From the above one would say that Mary Anderson was well aware of the moral and political arguments against smuggling but prefers to adopt the official line - albeit under the guise of an even-handed argument.

The story then moves on to La Linea - presumably known then simply as Linea - and the introduction of Dolores - a stereotypically dark , hot-blooded, temperamentally unstable Spanish girl, daughter of the smuggler who was the owner of the dogs in question. Her persist ardent suitor is Tomas Mendoza whom Dolores detests as she accuses him of having betrayed her brother to the Guardacostas.
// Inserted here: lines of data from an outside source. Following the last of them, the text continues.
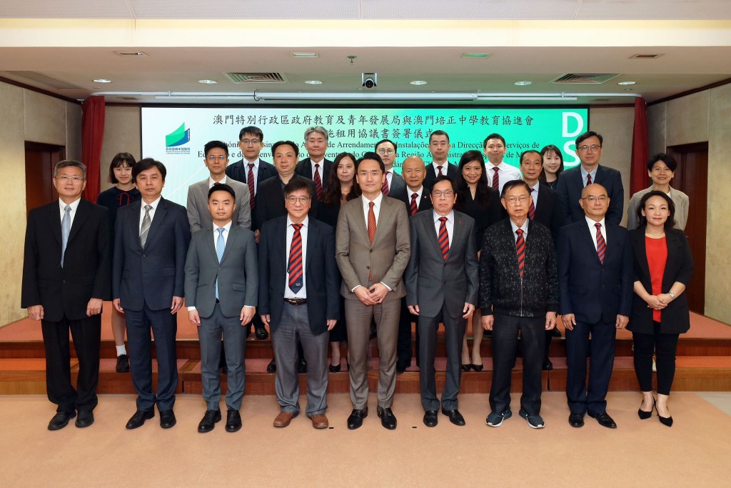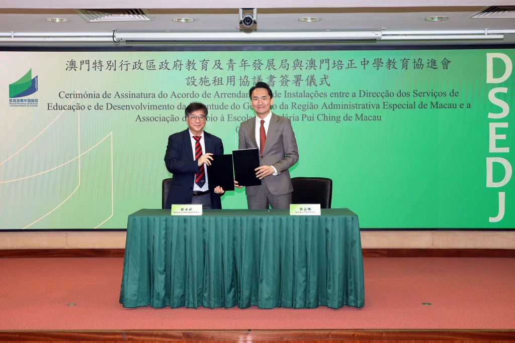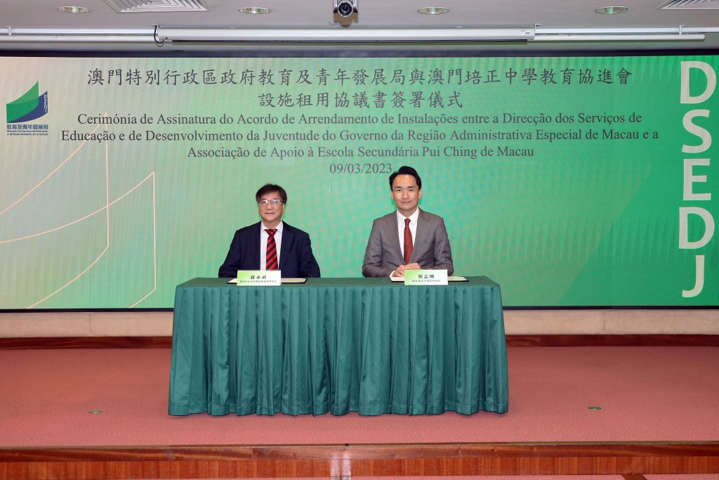 澳門特別行政區政府教育及青年發展局與澳門培正中學教育協進會今早11時舉行設施租用協議書簽署儀式。
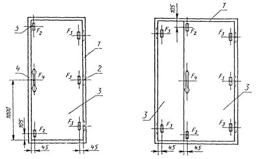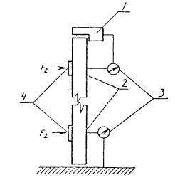 4.3.4.4. При испытании нагрузками F3 и F4 схемы испытаний принимают в соответствии с рисунком 2, при F5 - в соответствии с рисунком 3. Нагружение производят по 4.3.2.
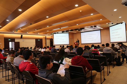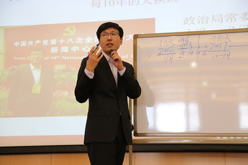 “金媒班”首期校友张庆源回到学院,为学生党员、入党积极分子带来一场关于“治国理政和全面改革的两会节点”的专题报告。
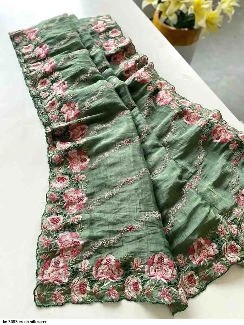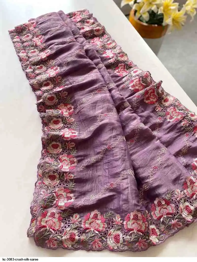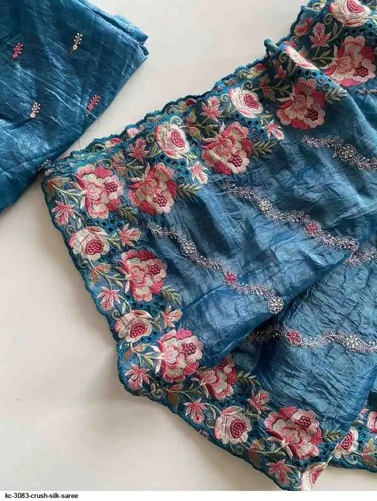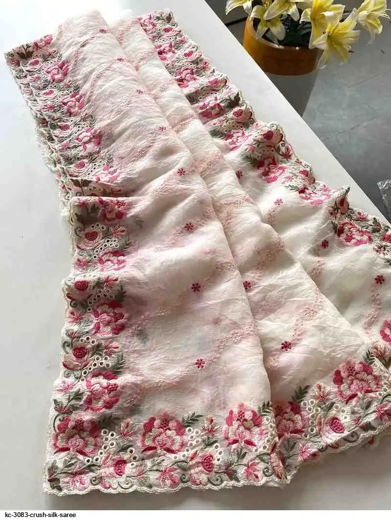 Description - Pure crush silk saree with all over Leheriya embroidery design and cut work design.
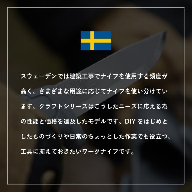 スウェーデン中部のモーラ地方で生まれた「モーラナイフ」は、130年以上の歴史を誇るナイフブランド。その品質はスウェーデンを代表する企業のみに与えられる王室御用達の認定を受けています。スウェーデン鋼による切れ味鋭いブレードや握りやすいグリップなど、良質な素材と高い技術力によって高品質なものづくりを実現する一方、機械化による大量生産を行うことで、リーズナブルな価格帯での販売を可能とし、スウェーデン国内のみならず、世界中で広く活用されています。アウトドア用以外にも、DIYなどのクラフト向けのナイフやウッドカービング用、キッチン用など、あらゆる用途に適したナイフを幅広く取り揃えています。

The rest of the story deals with Dolores revenge on Mendoza and has little more to offer as regards the social mores either of Gibraltar or its hinterland.


Mary Anderson
The author continues the long British tradition of identifying Gibraltarians as Spaniards who just happen to live on the Rock and despite her sympathetic treatment of people living in the Campo area, she only properly identifies one single local - Manuel Lobo - who despite his Spanish sounding name was in fact a Jew.

It was a curious blind-spot. By the late nineteenth century and after a large influx of Genoese, Maltese and people from other parts of the Mediterranean there were more than 20 000 individuals living on the Rock. People who were purely of Spanish descent were no longer a majority. In any case almost all of them now considered themselves to be - more than anything else - Gibraltarians.